Exercise directions | Without the images, write out the whole listing exactly.
━━ The data ━━
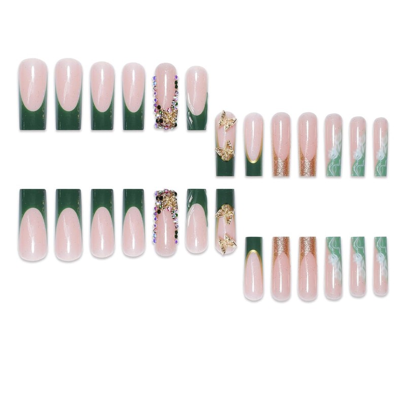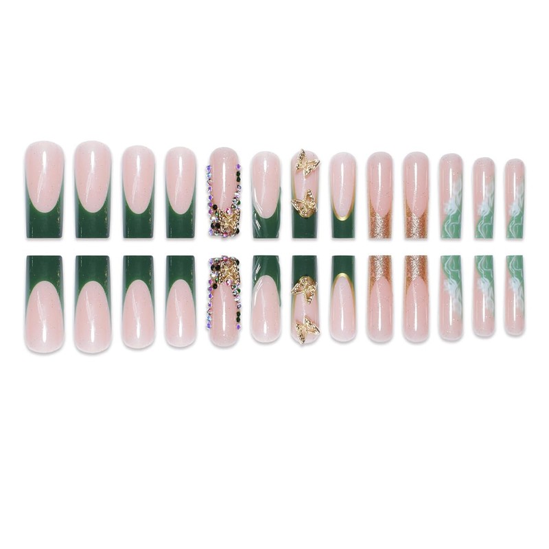 Long Square Press on Nails Green French Tip Fake Nails with 3D Gold Butterfly...
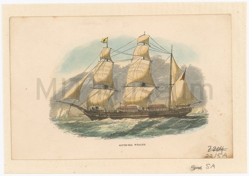 South Sea Whale Fishery. A Representation of Ships Amelia Wilson and Castor … A whaling scene depicting two vessles, Amelia Wilson and Castor. Some narration …
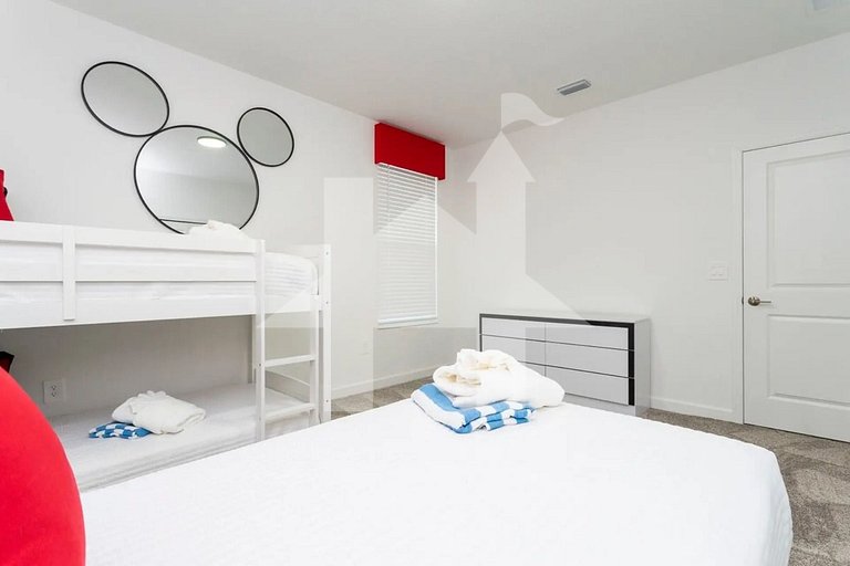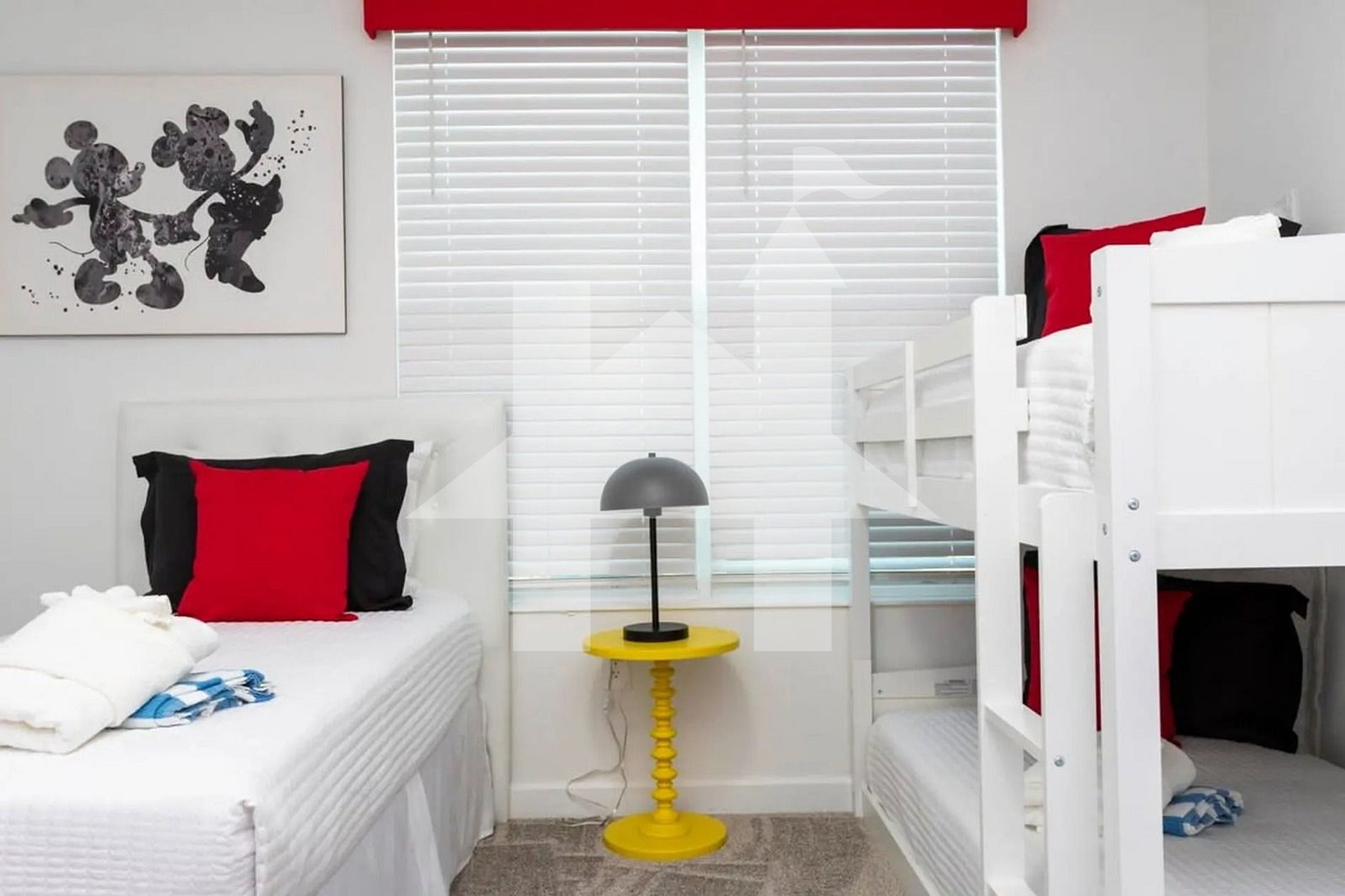 Quarto temático Mickey com beliche (2 camas de solteiro) e mais uma cama de solteiro
━━━
Reply |
 Long Square Press on Nails Green French Tip Fake Nails with 3D Gold Butterfly...
 South Sea Whale Fishery. A Representation of Ships Amelia Wilson and Castor … A whaling scene depicting two vessles, Amelia Wilson and Castor. Some narration …
 Quarto temático Mickey com beliche (2 camas de solteiro) e mais uma cama de solteiro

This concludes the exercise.